The contrast between these examples is artificially extreme and, in practice, the discrepancy between a model and its data is explained by a mixture of model risk and prediction error. What then is the ideal balance between the two? The weather example shows how a model that claims, and often achieves, great precision can be unrevealing at best and useless or misleading at worst: the model is 'exactly wrong'. On the other hand, the coin toss example shows that an imprecise model may be the best we should seek: the model is 'vaguely right'. The famous epigram 'it is better to be vaguely right than exactly wrong' [3] was revived by commentators of the recent credit crisis, who agreed that, in choosing credit risk models, model risk should have been given as much attention as model accuracy.

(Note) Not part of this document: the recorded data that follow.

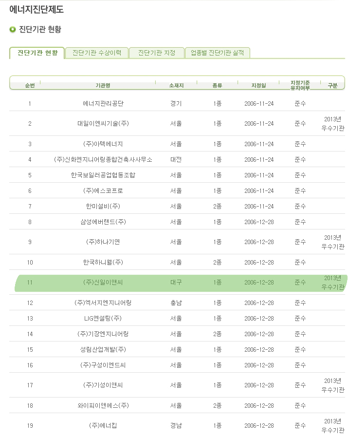 에너지관리공단에서 시행하는 에너지진단기관 평가에서 (주)신일이앤씨 외11개의 기관이 2013년도 에너지진단 우수기관으로 선정
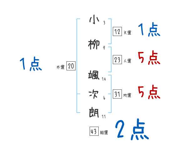 総運![]() | 小栁颯次朗さんの総運は43画の2つ星!頑固な性格で独立心が強いかも。やや非現実的で浪費に注意しましょう。 あなたの人生を表す1番重要な運勢です。生涯を通じて影響する総合運となり、主に50歳以降の晩年期に影響を及ぼします。 |
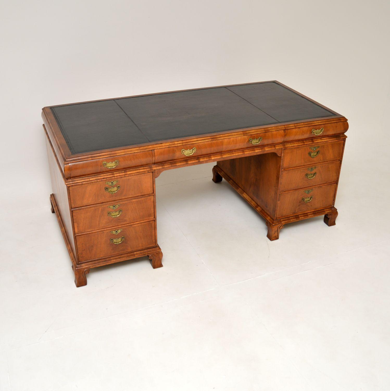 Large Antique Walnut Leather Top Partners Desk (1 of 12)
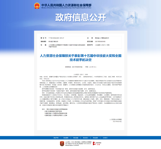 《人力資源社會(huì)保障部關(guān)于表彰第十五屆中華技能大獎(jiǎng)和全國(guó)技術(shù)能手的決定》
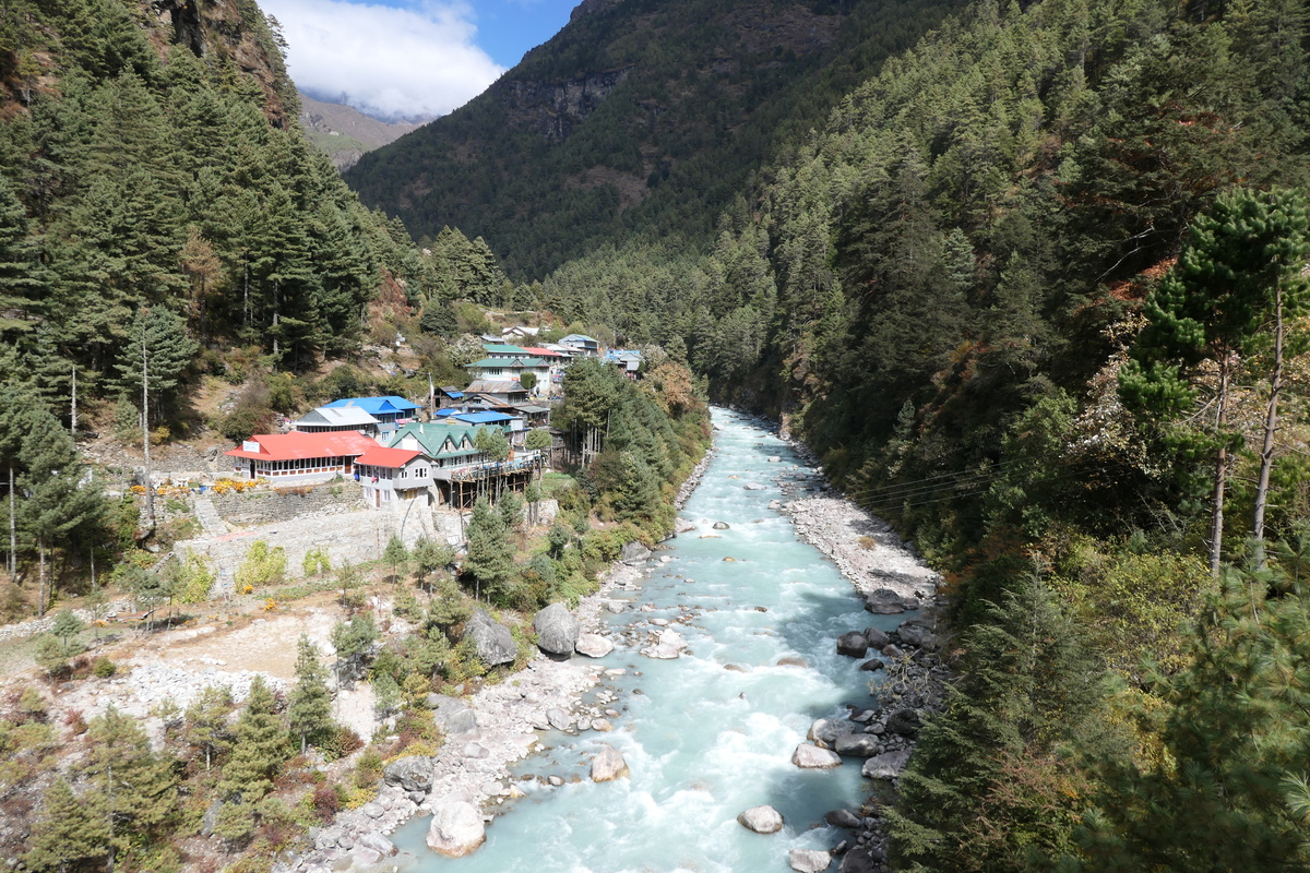 Der zweite Tag ist angeblich einer der härtesten. Es geht zuerst relativ “flach” nach Jorsalle (2600m), dann nach dem Mittagessen wirklich hart bergauf nach Namche Bazaar auf 3500 m. Namche Bazaar ist ein wirkliches Zentrum in den Bergen, eine richtige Stadt. In Jorsalle könnten wir notfalls auch bleiben, dort gibt es einfach nicht so schöne Teahouses. Danach schlafen wir auf den harten Betten in der Kälte. Die Polarschlafsäcke sind sehr gut, wir sind gut eingepackt. Wir freuen uns auf die kommenden Tage, es macht Spass zu laufen, sich auszupowern.
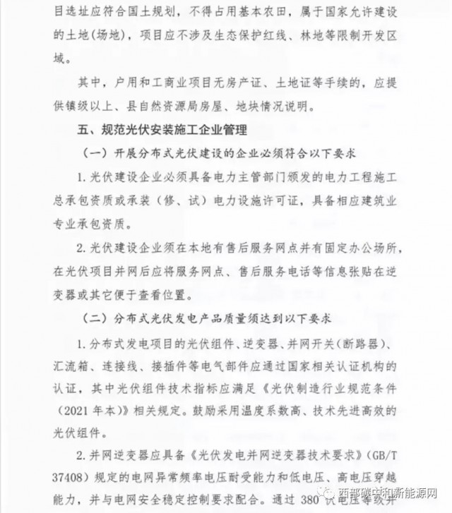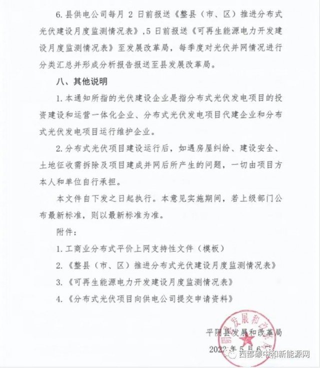 此外,整縣分布式開發(fā)按照“光伏+儲能”方式推進,根據(jù)具體消納情況配建或租賃不低于15%、2小時的儲能設(shè)施。電網(wǎng)消納能力不足時,應(yīng)提高儲能配置比例及充放電時長,確保分布式光伏就地就近消納、滿足95%利用率要求。
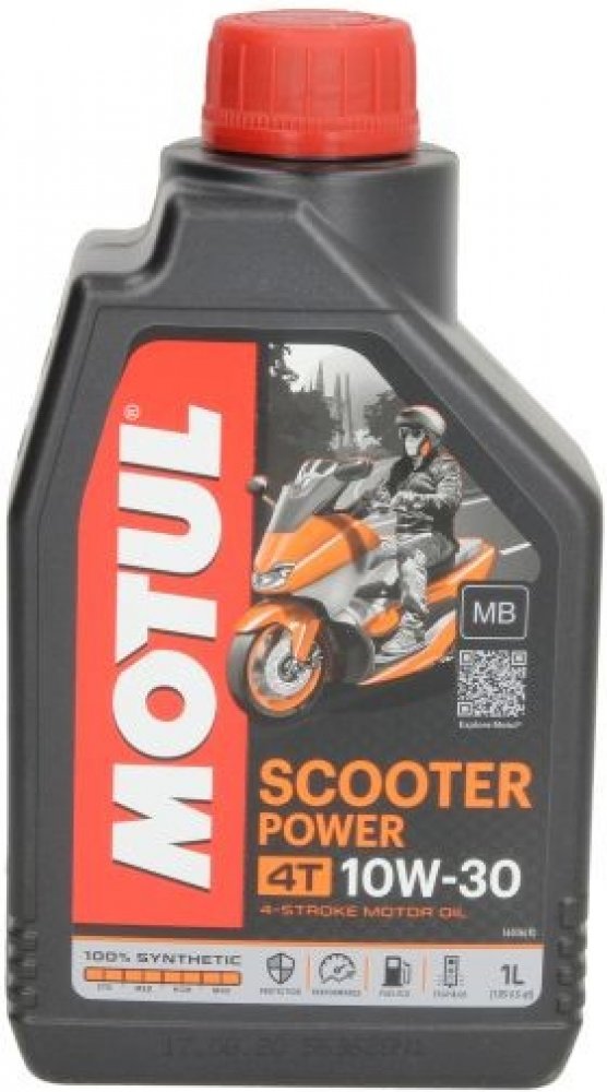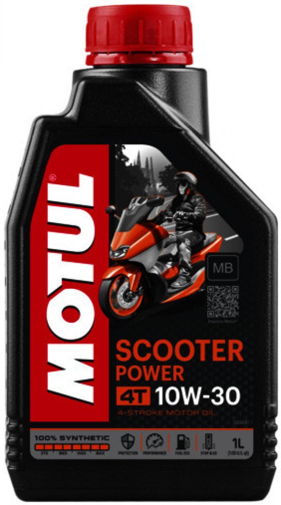 Motul Scooter Power MB 4T 10W-30 je 100% syntetické mazivo speciálně navržené tak, aby splňovalo dnešní specifikace čtyřtaktních skútrů, kde je vyžadována viskozita 10W30 a specifikace JASO-MB.
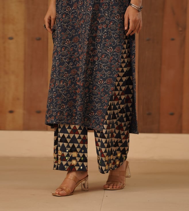 Enhance your festive look in style with our Love Chic Ajrakh Cotton Palazzo. Indigo-colored cotton fabric is hand-embroidered for a touch of elegance. Perfect for women who want to make a statement and feel comfortable. By LOVE CHIC.' Disclaimer: All other items in the image are only for display purposes and will not be a part of the delivery content. Product colour may slightly vary due to photographic lighting sources. Country of Origin - India.
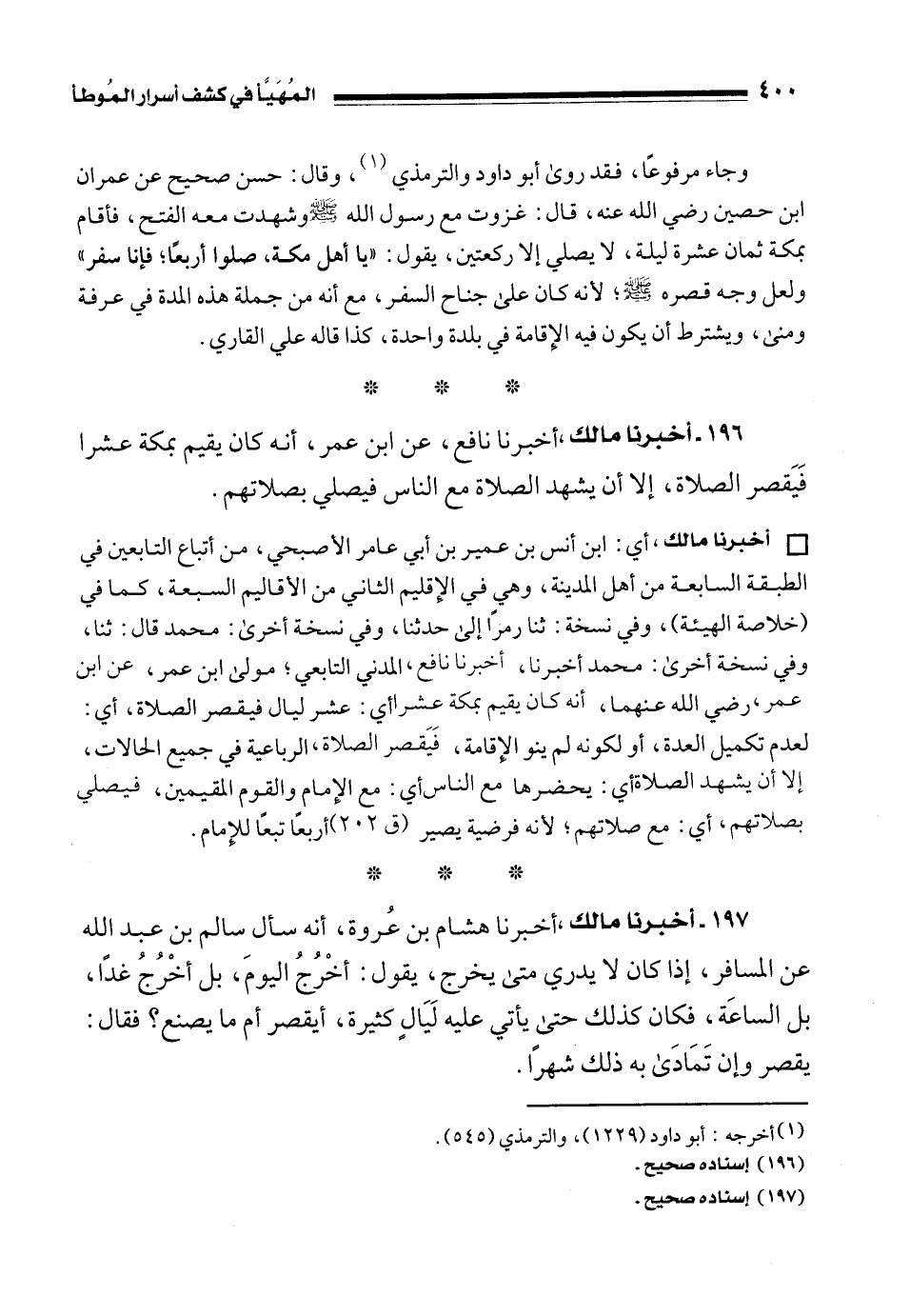 • أخبرنا مالك، أي: ابن أنس بن عمير بن أبي عامر الأصبحي، من أتباع التابعين في الطبقة السابعة من أهل المدينة، وهي في الإِقليم الثاني من الأقاليم السبعة، كما في (خلاصة الهيئة)، وفي نسخة: ثنا رمزًا إلى حدثنا، وفي نسخة أخرى: محمد قال: ثنا، وفي نسخة أخرى: محمد أخبرنا، أخبرنا نافع، المدني التابعي؛ مولى ابن عمر، عن ابن عمر، رضي الله عنهما، أنه كان يقيم بمكة عشرا أي: عشر ليال فيقصر الصلاة، أي: لعدم تكميل العدة، أو لكونه لم ينو الإِقامة، فَيَقصر الصلاة، الرباعية في جميع الحالات، إلا أن يشهد الصلاة أي: يحضرها مع الناس أي: مع الإِمام والقوم المقيمين، فيصلي بصلاتهم، أي: مع صلاتهم؛ لأنه فرضية يصير (ق 202) أربعًا تبعًا للإِمام.
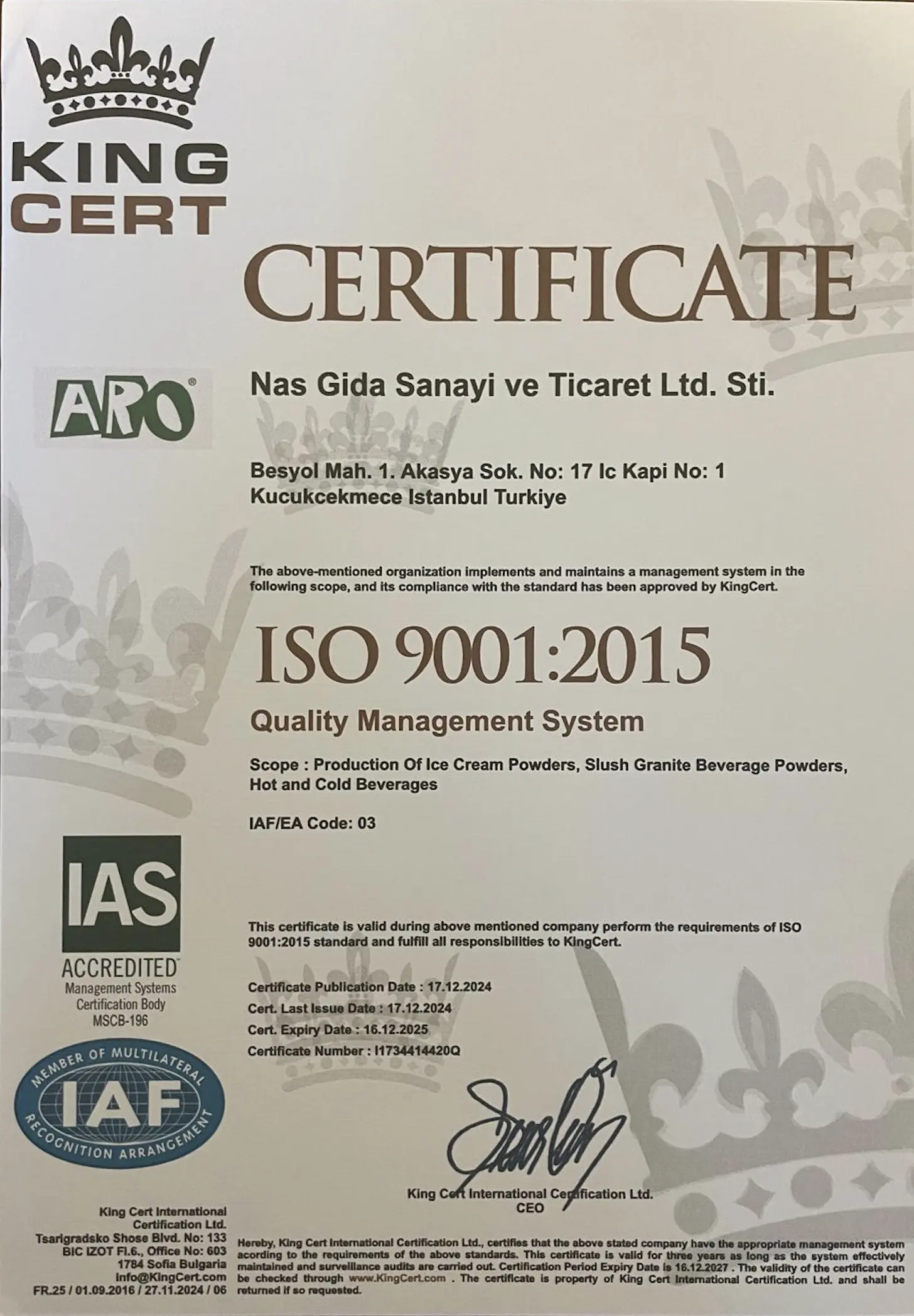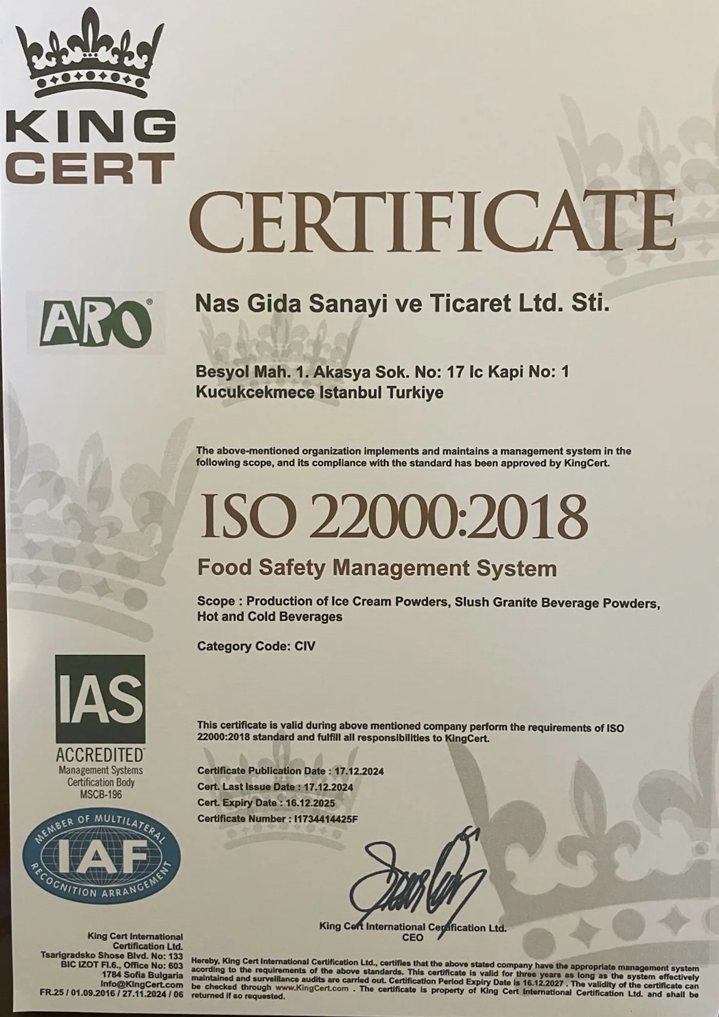 Nas Gıda Sanayi ve Ticaret Ltd. Şti., her yaştan tüketicinin severek tercih ettiği dondurmaların üretiminde kullanılan soft ve endüstriyel dondurma tozlarını geliştiren, sektörde köklü bir geçmişe sahip yenilikçi bir gıda sanayi kuruluşudur. Kuruluşundan bu yana kalite, güven ve sürdürülebilir üretim ilkelerinden ödün vermeden faaliyet gösteren Nas Gıda; güçlü Ar-Ge altyapısı, modern üretim tesisleri ve uzman kadrosuyla hem ulusal hem de uluslararası pazarlarda güvenilir bir marka olarak konumlanmıştır. Aro ve Armey markalarıyla soft ve endüstriyel dondurma tozu üretimini başarıyla sürdüren firma, ürün portföyünü sürekli genişleterek pazara granita (slush), sıcak ve soğuk içecek tozları gibi yeni kategoriler kazandırmıştır. Son olarak geliştirilen meyve aromalı %100 doğal çay ekstraktlı tablet ürünleriyle, yenilikçi yaklaşımını sürdürerek sektörün öncüleri arasında yer almıştır. Nas Gıda, “müşterilerimiz ortaklarımızdır” ilkesiyle hareket eder. Deneyimli ve uzman ekibiyle çalışanlarının sürekli gelişimini destekleyerek, yüksek verimlilik ve kârlılığı müşterileriyle birlikte paylaşma vizyonunu benimser. Üretim süreçlerinde risk kontrol noktaları denetimi, iş güvenliği programları ve gıda güvenliği yönetim sistemleri titizlikle uygulanır. Ürünlerin hijyenik ortamlarda hazırlanması, depolanması ve sevkiyat süreçlerinde de aynı kalite bilinciyle kontrol altında tutulur. Bugün, takım ruhu ve dayanışmayı esas alan yapısı, müşteri memnuniyetine duyarlılığı ve sürekli gelişim hedefiyle hareket eden Nas Gıda, evrensel kalite standartlarına bağlı kalarak dünya markası olma vizyonunu kararlılıkla sürdürmektedir.
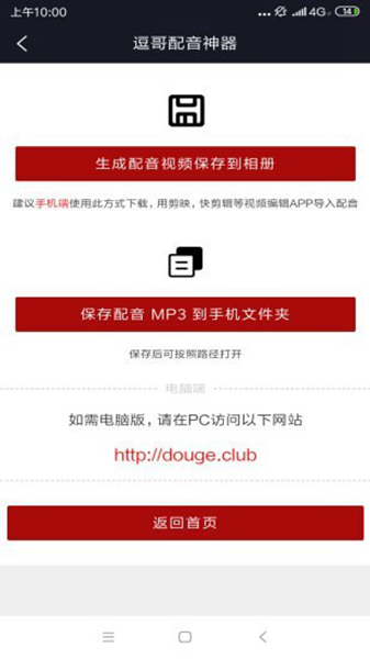 导出音频:逗哥配音神器app 支持复制链接及生成视频版音频。
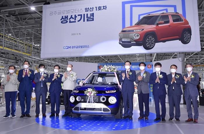 [광주=정찬남 기자] 이용섭 광주광역시장(우측부터 5번)이 15일 오전 광산구 빛그린산단 광주글로벌모터스 조립공장에서 열린 '광주글로벌모터스 양산 1호차 생산' 기념행사에 참석해 김용집 시의회 의장, 박광태 GGM 대표이사, 공영운 현대차 사장 등 내빈들과 기념촬영을 하고 있다.
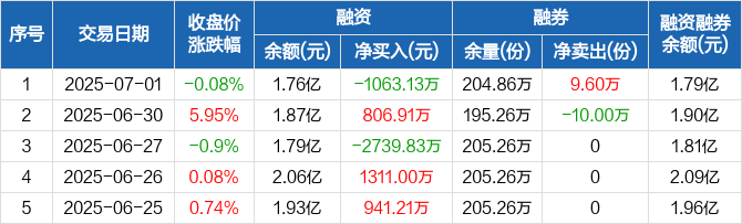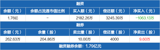 融资方面,当日融资买入2182.26万元,融资偿还3245.39万元,融资净偿还1063.13万元。融券方面,融券卖出10万份,融券偿还4000份,融券余量204.86万份,融券余额262.63万元。融资融券余额合计1.79亿元。
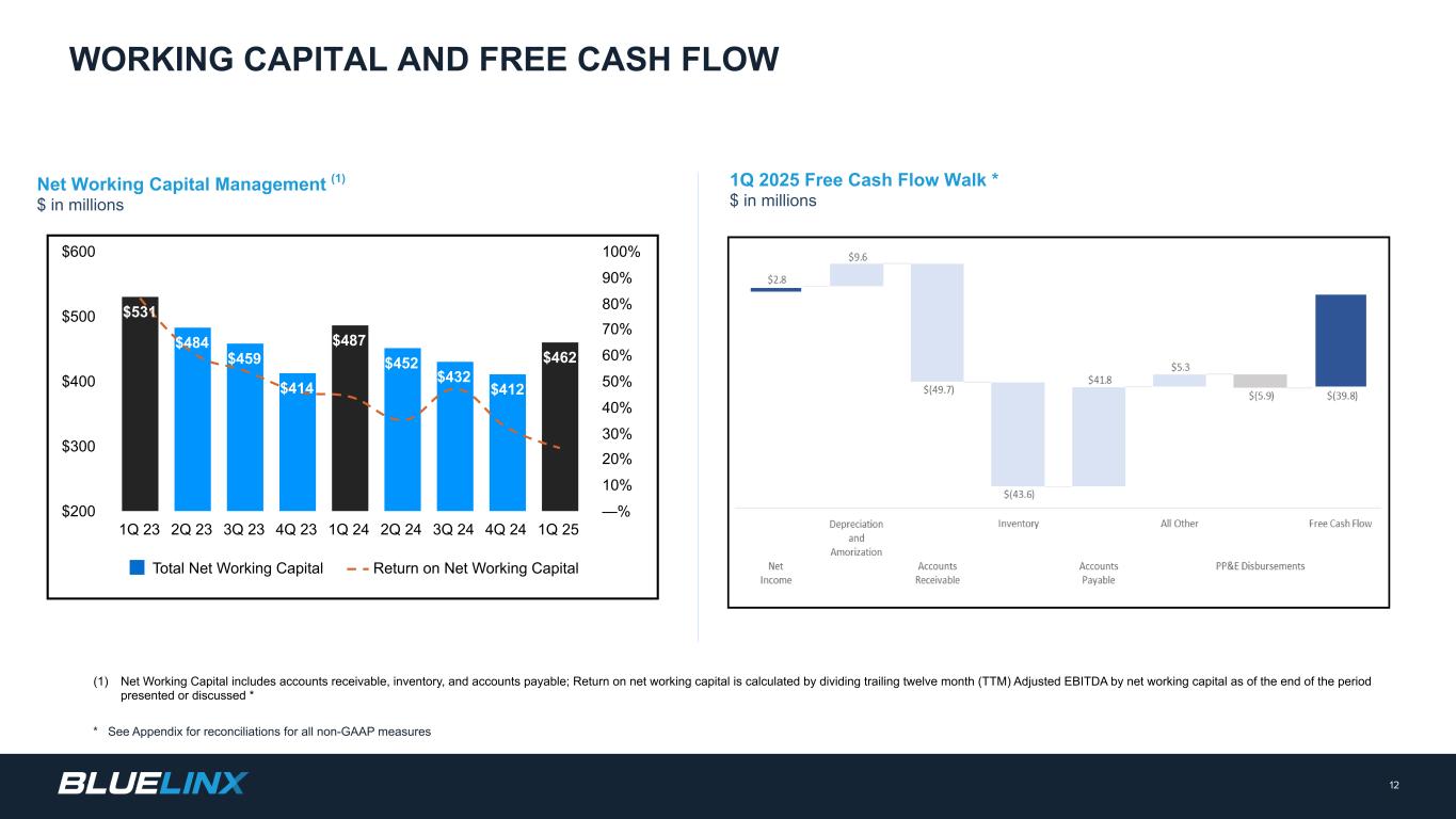 フリーキャッシュフロー。BlueLinxは、フリー・キャッシュ・フローを、営業活動によって得られた、または営業活動に使用された純現金から資本支出総額を差し引いたものと定義しています。フリー・キャッシュ・フローは、経営陣が当社の財務業績を評価するために使用する指標であり、当社の営業キャッシュ・フローと事業運営の継続と改善のために支出される資本を関連付けるため、投資家にとって有用であると考えています。特にフリー・キャッシュ・フローは、資本支出後に創出または使用された現金の額を示しており、特に事業への投資、バランスシートの強化、借入債務の返済に使用することができます。フリー・キャッシュ・フローは、裁量的支出に使用可能な残余キャッシュ・フローを示すものではありません。フリー・キャッシュ・フローはGAAPに準拠した表示ではなく、GAAPに基づいて決定されたものよりも優れた財務状況の指標を示すことを意図したものでもありません。

Model risk is clearly important: how then can it be assessed and managed in practice? I believe model risk should be assessed in detail at the point of model development and model review, when the data and model are fresh, the model assumptions and weaknesses are clear, and the mechanisms to manage and monitor model risk are all at hand. My experience shows that such a bottom up approach can be done routinely for Banking Book Credit Risk Models, alongside the model review process, following stages familiar to classic risk management: identify, impact, action, monitor.
To follow this approach, we start with a taxonomy and checklist to survey and describe the model risks, covering the model's assumptions, data and infrastructure weaknesses, methodology weaknesses, review issues and so on.
Such identification leads us to ask how the model would be different if the assumption changed, the weakness showed, or the gap was filled or filled differently. These questions of model sensitivity should be expressed quantitatively, however roughly, and in my experience almost all model risks, however qualitative they appear at first, can be captured as one or several quantitative 'what if ?' questions. Then these rough sensitivities are refined realistically and combined: are the model risks independent, or do some model risks amplify each other, or tend to counteract or absorb each other?
Finally, now we understand the impact of the model risks, we are in a position to propose actions and monitoring. Conservatism is frequently applied in regulatory models, and the quantified sensitivities provide precise proposals for conservatism. But this is not the only model risk management tool in a box which includes monitoring, restricted usage, heightened governance, and model or data quality improvements.
Such an approach pays back in benefits immediately. We've quantified our confidence in the model; we know its limits, weaknesses and gaps quantitatively; and we are managing these constructively and proportionately. Also we communicate the model limitations transparently and consistently to users, managers and regulators: limitations that are critical to understand if the model is to be used appropriately in a post-crisis risk world.
In conclusion, model risk is universal and as important as model accuracy. It is invoked by much recent criticism of model use in risk management, and is our key to a positive response to such criticism. To make this work in practice, model risk can be assessed at point of model development, giving direct benefits for the management and use of risk models.
References
[1] The Turner Review. A regulatory response to the global banking crisis. FSA March 2009
[2] The Dog and the Frisbee. Andrew G Haldane and Vasileios Madouros, Bank of England. Speech given at Federal Reserve Bank of Kansas City's 36th economic policy symposium, "The Changing Policy Landscape", Jackson Hole, Wyoming, August 2012
[3] attr Keynes, but in fact Carveth Read. Logic, deductive and inductive (1898)
Alan Forrest is a manager in the Group Risk Analytics Independent Model Validation Team, RBS Group. He specialises in Basel 2 Credit Risk Model Review with particular interests in Model Risk, Cyclicality, Stress Testing and Low Default Portfolios.